С таксомоторщиками, со своими, компанию водил, но не близкую. Раза два-три только в русском трактирчике погулял, а то был не пьющий. Да и деньги берег: всякий лишний франк в «кассу» стал таскать, когда ему про кассу объяснили.
Завелись у него постоянные клиенты; он уж знал, например, что черноватенького, толстого барина повезет он в глухую улочку Отейля, во вторник, и так уж пригонял, чтоб этого барина захватить. В улочке долго ждать приходилось, иной раз не обедавши; но Никита не роптал и лишнего не настукивал, так что и барин был им доволен.
Вот раз, дожидался так Никита черноватенького, и вздумалось ему промять ноги, походить по тротуару, у машины. Холодно. Был еще день, но от сквористого, тонкого, острого тумана как бы завечерело. Фонари кое-где даже зажглись, — на фонарях туман стал виден: точно сквозь кисейку огонь просвечивает.
В нижнем окошке, рядом с чугунной, узорчатой дверью, тоже засветилась лампочка. Потом дверь приотворилась, и на порог вышла небольшого роста женщина, рыжеволосая, в вязаной кофточке.
— Мсье, — позвала негромко, — мсье…
Никита огляделся, — кругом никого. Значит, его зовет. «Консьержка, швейцариха, — подумал. — И чего такое? Кажись, никому машина не мешает».

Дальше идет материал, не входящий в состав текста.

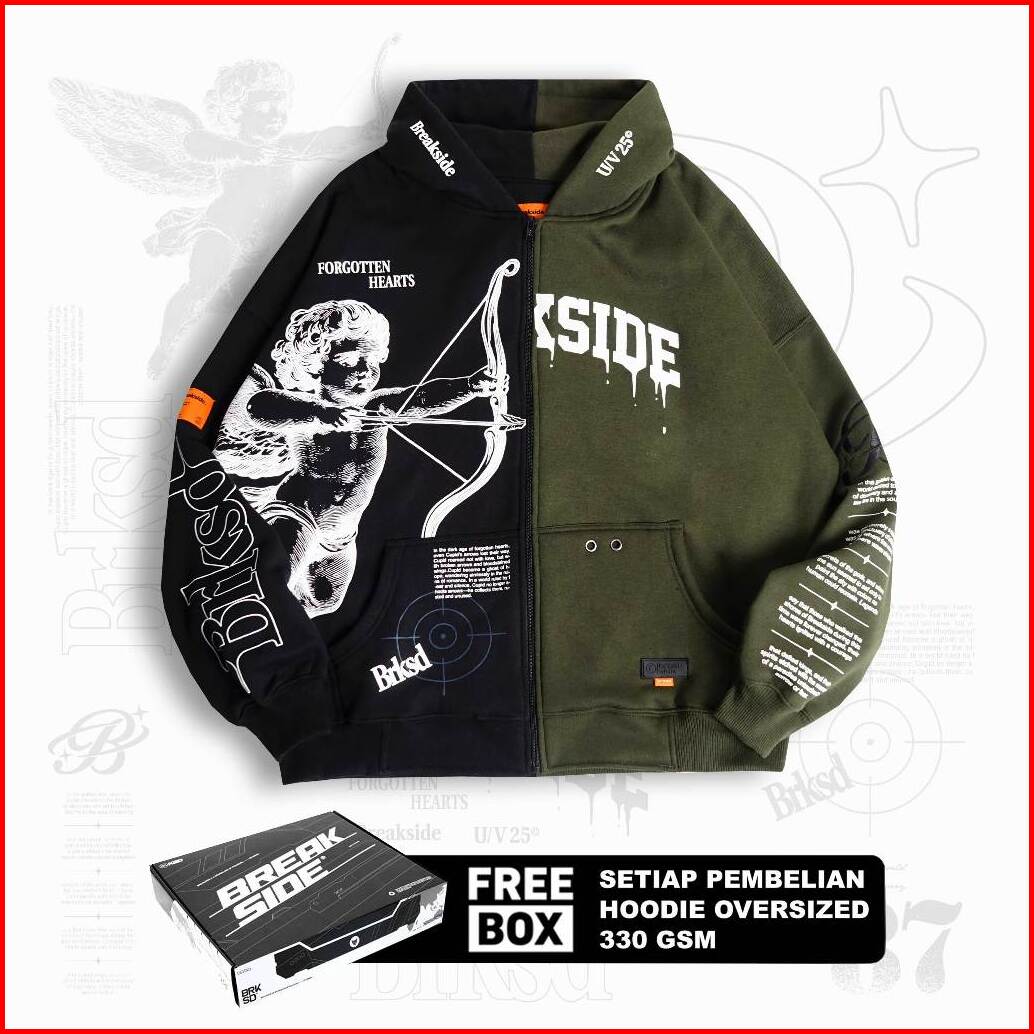 Free Box Breakside Zipper Hoodie Oversized Forgotten Hearts - Black Green Sweater Pria
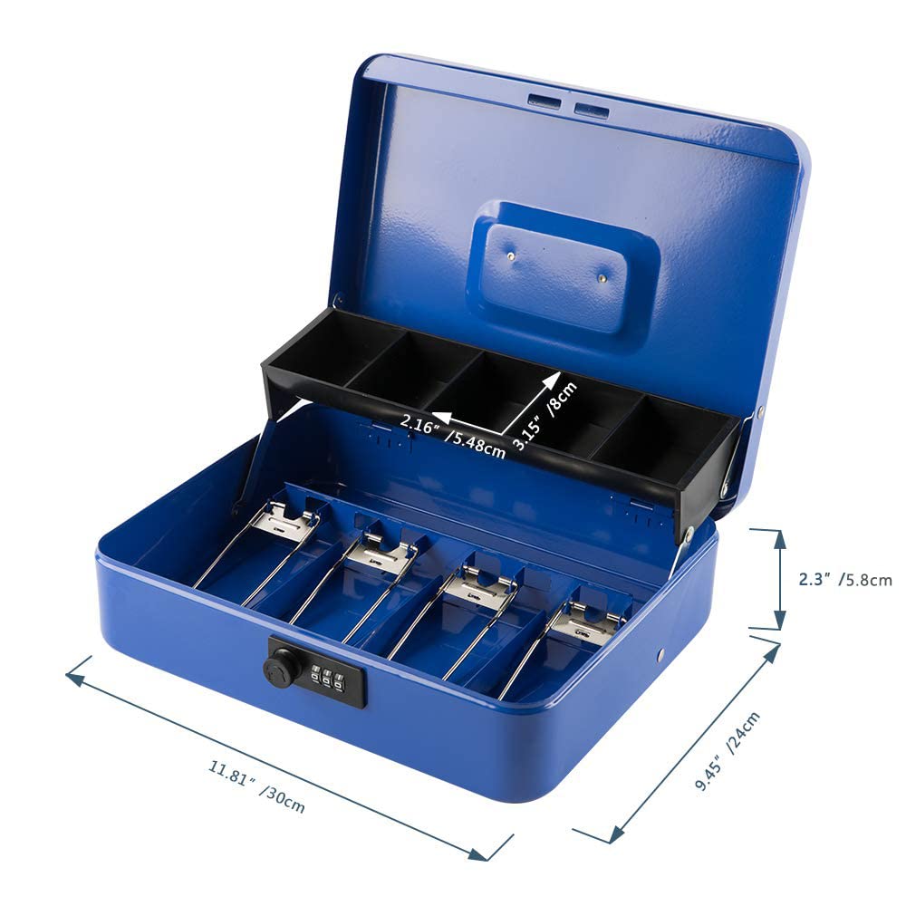 SIZE AND COLOR: 11.81"x 9.45"x 3.54" (300*240*90mm), blue. Perfect safe lock box for festivals. Smaller than some but big enough to store all the cash you need, it’s the perfect size for traveling and daily using.
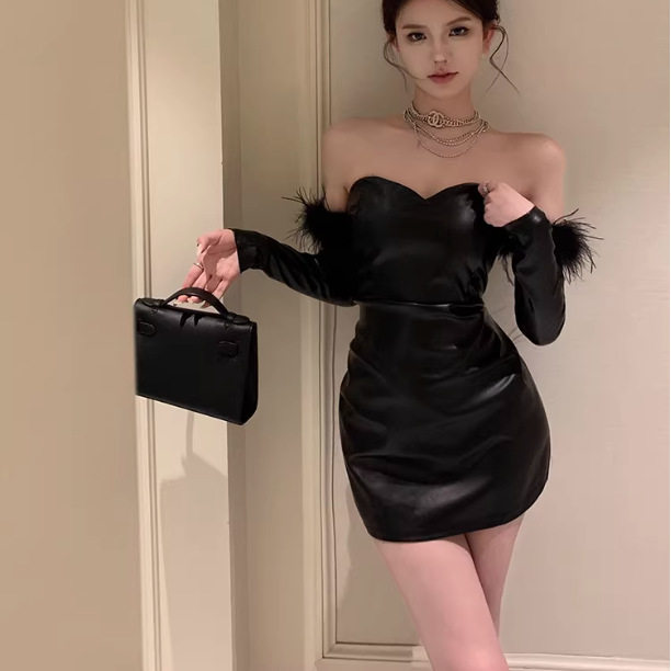1235夜店桑拿御姐风气质长袖抹胸连衣裙女春秋季辣妹PU皮裙子
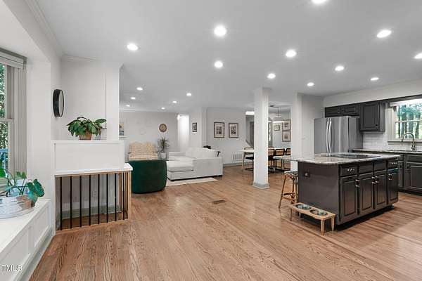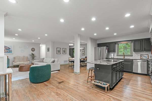 Discover your opportunity to own a classic, fully updated from top to bottom adorable home on LAND in the quickly growing Apex/New Hill area, one of Wake County's most desirable locations! Protected by 3.5+ surrounding acres and the Jordan Pointe neighborhood, 3912 Old US 1 Hwy is the perfect choice for those who want privacy and easy access to all the downtown features this community has to offer! Make your way down the gravel driveway, and you'll see 3912 Old US 1 nestled in the trees, inviting you to come take a seat on the charming yet functional front porch. As you approach the expanded driveway, take note of the ample vehicle, camper, and boat parking and an extra storage/trailer space. Once on the property, you are visually treated with mature landscaping and serene Carolina pine views at every turn! The new larger driveway leads directly to the 2-car garage, which holds space for vehicles and all your hobbies with 2 interior closets. A fresh epoxy coating on the floors for durable, long-lasting protection has been added as well. The full interior of this home with 4 beds and 2.5 baths has been updated to include an open and easily accessible floor plan with refinished hardwood floors, brand-new carpeting, and designer tile floors throughout. The kitchen boasts an island with seating for four and room for an eat-in area with built-in storage, a dog crate, and large pull-out drawers. The kitchen cabinets are updated with enamel paint and new pulls, stainless steel appliances with a double-door refrigerator, an ice maker, in-refrigerator water, a built-in wall oven, and an electric 5-burner cooktop in the island. Room for a microwave or second oven exists in the space. This kitchen holds room for plenty of cabinet space and a floor-to-ceiling pantry with custom swing shelves. Continue through to the dining room that easily seats eight and opens seamlessly into the main level for entertaining and everyday comfort, and you'll see access to the large rear deck that has enough space for multiple seating arrangements and a grill. Al fresco dining at its finest! As you walk down the hall towards the primary suite, don't miss the under-stair storage with hooks, a bench, and more storage. A little further and you'll encounter the easily accessible hall bath with an updated vanity, wall mounted mirror with tone-changing LED light, a shiplap accent wall, and an OVE Smart Touch Toilet. Beyond the hall bath is your main-level laundry room, adjacent to the primary suite, with ample storage and a new Samsung Smart Washer and Dryer. Upon entering the primary suite, you'll notice enough space for a seating area or writing desk. With the large walk-in closet with built-ins at your fingertips, your bedroom leaves room to spread out! With light-adorned walls and large windows the serene space offers a place to unwind with calming paint colors and designer lighting. The primary bath is a treat with separate matching marble-top vanities, wall-mounted mirrors with tone-changing LED lights, a deep soaking tub, and a large walk-in shower with a fully tiled corner bench and double niches. A water closet room with an OVE Smart Touch Toilet exist in the space for easy access and privacy. Large format tile floors flow through the primary bathroom and walk-in closet as one footprint. To access the second level, you have one of two options: your first choice is through the rear staircase accessible from the kitchen/garage space that goes directly to the expansive fourth bedroom or straight up the main staircase, which leads to the upper-level landing, two large bedrooms, a walk-in finished storage closet with floor-to-ceiling shelving, and a full bath with double vanity, wall-mounted mirror with tone-changing LED light, linen closet, fully tiled shower with sliding glass door, and an OVE Smart Touch Toilet. All bedrooms have spacious walk-in closets with built-in shelves and access to unfinished storage spaces as well. LA related to Seller
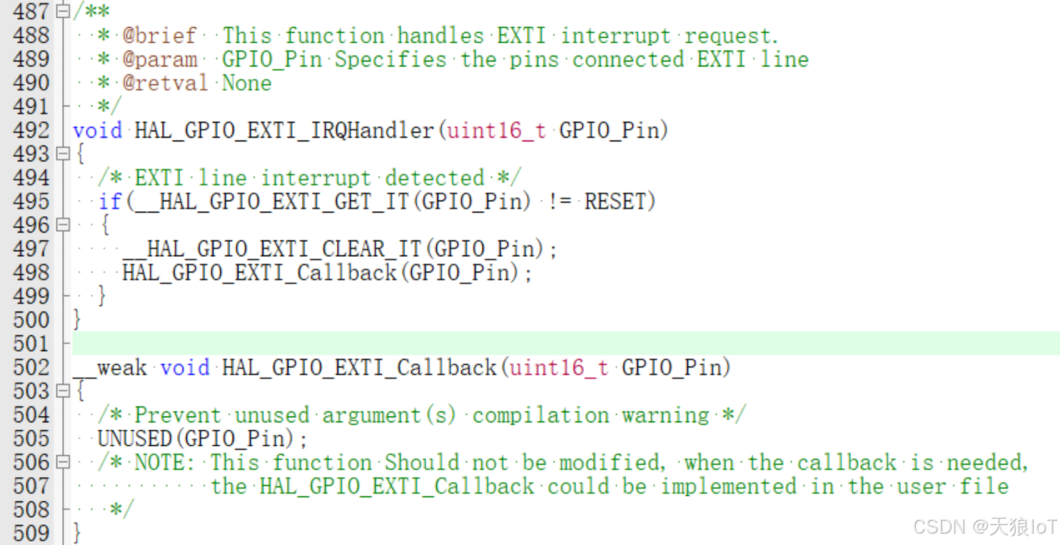 - 通用中断处理函数会在内部调用中断回调函数,而中断回调函数又是可以重新实现的弱函数,所以如果需要对某组中断处理做一些通用的操作可以通过重写中断回调函数来实现。
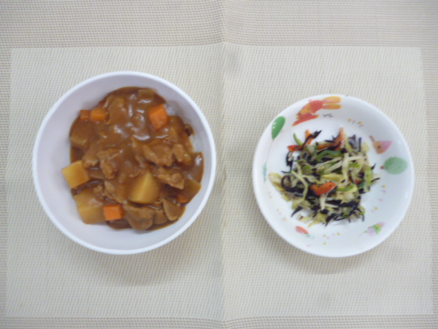 今日の給食は「ごはん」「カレー」「まっくろくろすけサラダ」です。 おやつは「牛乳」「オレンジ」「ソフトサラダ」です。
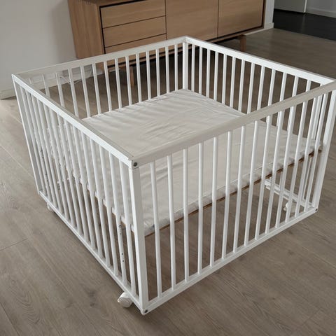 1x1 m hvid kravlegård med to højdeindstillinger og låsbare hjul.
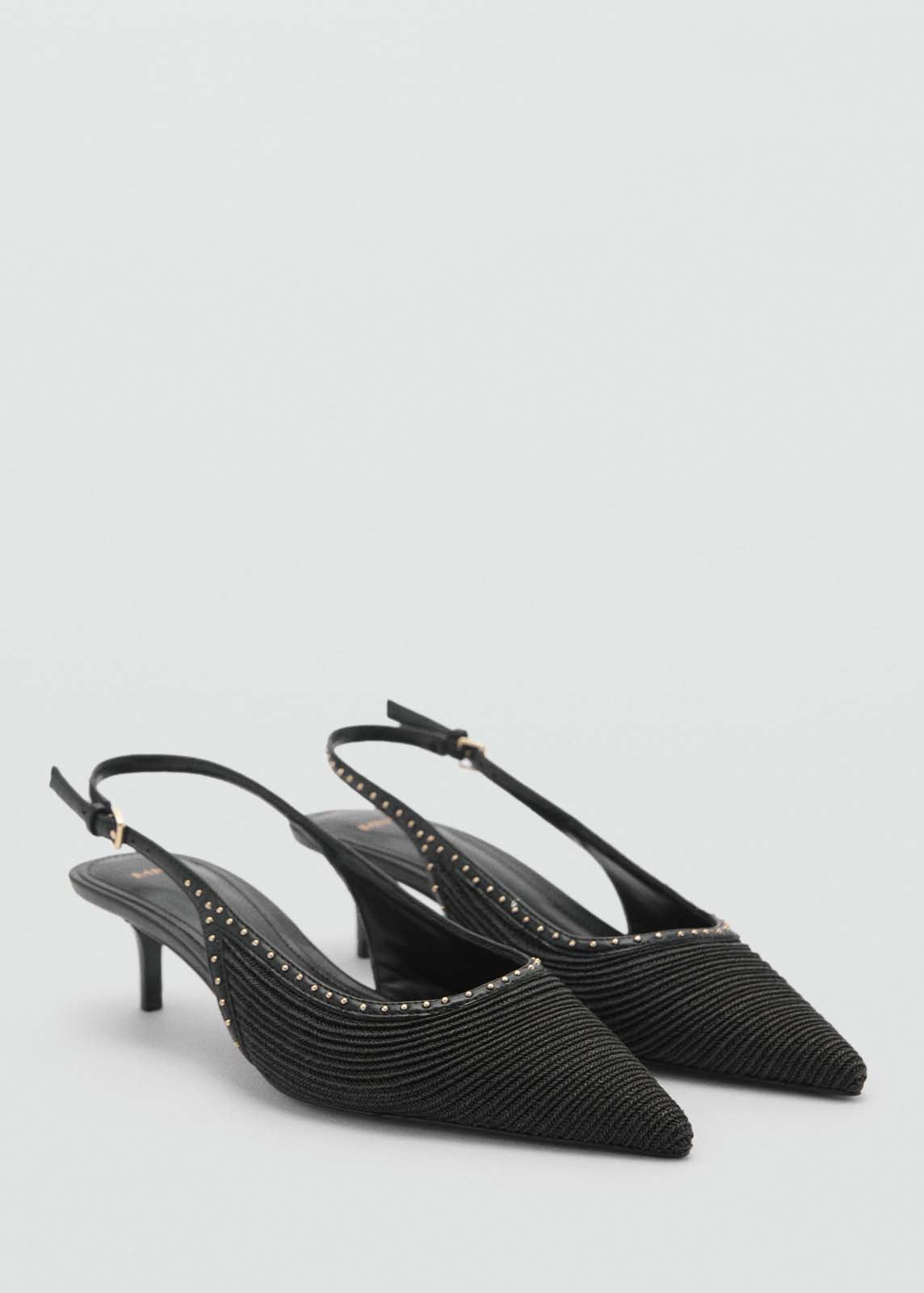 Tejido de fibra natural,Detalle de tachuelas,Con punta,Diseño destalonado,Cierre de hebilla,Tacón kitten,El color marrón es exclusivo online,El tacón mide 4,5 cm

Подошел. Женщина скоро-скоро, как все оне здесь, затрещала. Видимо, не бранилась, но о чем-то просила. Никита, конечно, не понял, покачал головой. Догадавшись, женщина пуще застрекотала, но уж помогая себе руками, тыча пальцем то на дверь, то на свое окно. Никите стало представляться, что она зовет его в свою швейцарову комнату, там ждать.
— А ну барин выйдет? — сказал Никита и заглянул на лестницу.
Швейцариха тоже поглядела вверх, замотала головой: долго, мол; нечего опасаться.
— Ну, веди, коли так, спасибо, — проговорил Никита и шагнул за дверь.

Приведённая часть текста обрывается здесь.